En attendant, j’étais SDF. Il me restait en poche à peine de quoi acheter quelques tickets gagnants qui pourraient me payer un vrai repas et une chambre d’hôtel où me laver et dormir, à moins de fendre la masse de journalistes et de photographes entassée devant chez moi et accéder ainsi en même temps à la célébrité nationale et au lynchage journalistique.

Je me mis en marche à la recherche de stimuli extrasensoriels, bien que le sévère régime de ces derniers jours ait profondément altéré mes facultés dans ce domaine. Je dus parcourir plusieurs kilomètres en boucle dans un grand flottement intérieur et en totale déconnexion avec le réel, cherchant à capter une intuition salvatrice qui jamais ne vint quand je me rendis compte que le soir tombait déjà sur Notre-Dame. J’étais sur le quai en face, au cœur de la ville monumentale, et je fus saisi par une calme impression de grandeur et de beauté loin de l’engloutissement prosaïque de la vie quotidienne et de l’incessant mouvement brownien de la nouveauté. Là, je ne pouvais pas confondre la liberté et l’opportunisme, la citoyenneté et l’intérêt économique, la culture de mon pays et le commerce international.

Il faisait nuit maintenant. Je me rendis progressivement compte, à mesure que les passants se raréfiaient, du nombre de sans-abris qui devraient dormir à la belle étoile. Il faisait doux, il ne pleuvait pas, je m’allongeai sur un banc en regardant la cathédrale illuminée. Je me demandai curieusement comment l’étiquette « gothique » pouvait s’appliquer identiquement au manoir prétentieux de Clébard, au look d’un chanteur de rock metal comme Marilyn Manson et au sculptural et majestueux monument du XIIème siècle : j’envisageai dans demi sommeil que l’idéologie de la modernité réduisait ainsi depuis 500 ans toutes les œuvres humaines à l’état de modes aux noms sans cesse recyclés dans le même torrent égalitaire et inexorable.

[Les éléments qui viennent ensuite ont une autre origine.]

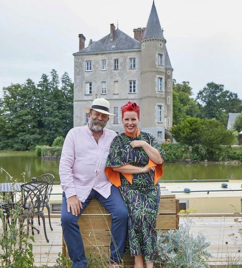 Angel and Dick first met in 2010 through their mutual friend and agent Sophie Laurimore, and five years later they exchanged vows at their newly purchased home, the striking Chateau de la Motte Husson—a bargain buy at £280,000.
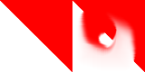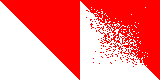 You place a gradient by selecting the gradient placement tool from the toolbar and then you place the beginning and end points by clicking the mouse. Once this has been done you will see a temporary preview of the resulting gradient and you then need to select a painting tool and paint on the canvas. In order to configure the gradient you need to press the right button on the gradient placement icon on the toolbar. Here is an example of a simple linear gradient from red to yellow painted using the polygon tool to create a triangle. The image on the left displays the construction lines for the gradient placement tool and the polygon tool, whereas the image on the right represents the exact pixels on the canvas:
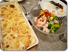 当日は、サラダ、グラタン、

Je ne dormis pas vraiment. Le bruit, les lumières, les passants, la masse des autres sans-abris ne laissaient jamais mon esprit assez en paix, malgré ma profonde fatigue physique. J’avais l’impression d’un immense dortoir gratuit sans porte ni fenêtre où les pensionnaires, s’ils avaient des papiers en règle, étaient encore tolérés pour le moment bien qu’ils fussent assimilés à des parasites économiques abimant le décor d’un « Paris romantique » vanté par les dépliants touristiques, les sites internet, les vidéos promotionnelles et les mauvais films de genre propageant une image cucul et aseptisée de ville du luxe et du plaisir qu’on sillonne en limousine une coupe de champagne à la main.

Comment pouvais-je comprendre que notre république pût approuver un système économique et social produisant toute cette quantité de misère sans constater que nombre de mes propres concitoyens s’étaient en chœur oubliés dans les mêmes effroyables fantasmes de prospectus.